For the first official post in my blog series about transitioning to Ontario’s new FSL curriculum in my classroom, I begin with some context. I have been teaching in a secondary French Immersion program for almost three years. This semester is the first time I have had an FIF course on my timetable. During the first two and a half years, I taught the other courses in the program, such as Mathematics and Dramatic Arts, in French. Right now, I have two FIF2D courses and a PPL3OI (Co-ed Immersion HPE). I have been experimenting with aspects of the new curriculum in my two FIF2D classes and that’s where my reflections will be coming from.

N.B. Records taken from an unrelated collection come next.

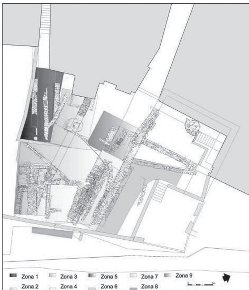
Figura 2. Planta de les restes exhumades a la plaça dels Jueus des de l'any 2002 al 2006.

Les intervencions arqueològiques, entre els anys 2002 i 2006, han permès determinar l'evolució urbanística de la plaça concretades en nou fases d'intervenció des del període comprés entre el segle I dC fins a l'actualitat.
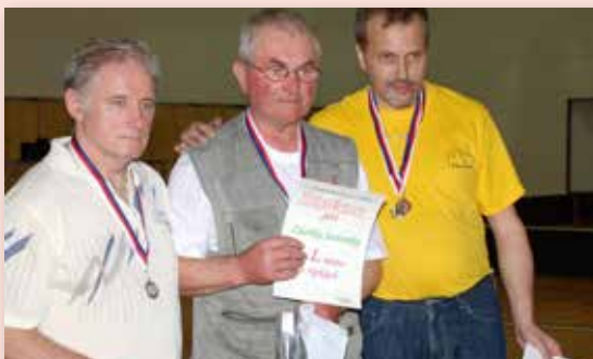
2013 Předměřické sportovní hry
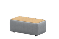
– Rectangular tables Mesas rectangulares

– Sizes / Tamaños 75x95cm / 50x75cm / 50x95cm
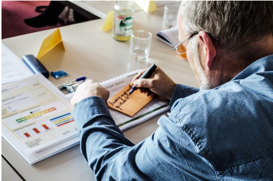
Taller de impresiones 01
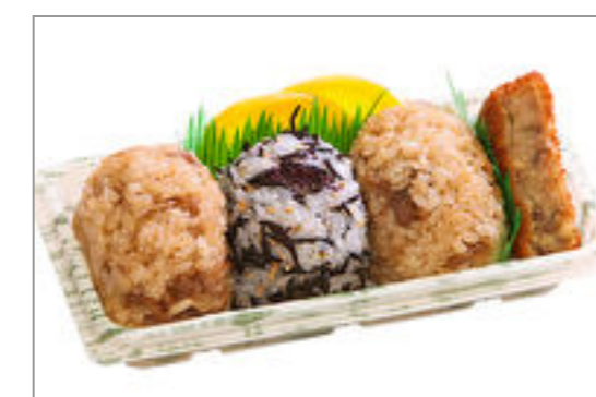
おにぎり3個とすき焼風コロッケ 815円(税込880円) / 品番:TKRP018

Speaking of reflection, the new curriculum now has a metacognition expectation in each strand, and goal setting and reflection comprise one of the Enduring Ideas addressed in the front matter of the document. I spent the first two weeks of the semester simply engaging in diagnostic learning activities with my students. We listened to French (mostly through videos), had small and large group discussions in French, read two short stories in French, and wrote two short compositions in French. After these initial diagnostics addressing each strand, students consulted their feedback – written comments I had made on their work, assessment rubrics indicating their levels of achievement in various aspects of oral and written communication, and their own impressions of their strengths and growth areas. I then asked each student to set a small, specific goal for improvement. They each wrote their goal on a post-it note (in French of course), and stuck it to the wall of the classroom, so that all of our goals were visible and so that we could hold each other accountable. (Side note: writing goals was a great opportunity to review futur simple [“I will…”], futur proche [“I’m going to…”], and verb + infinitive [“Je veux faire/atteindre…”]).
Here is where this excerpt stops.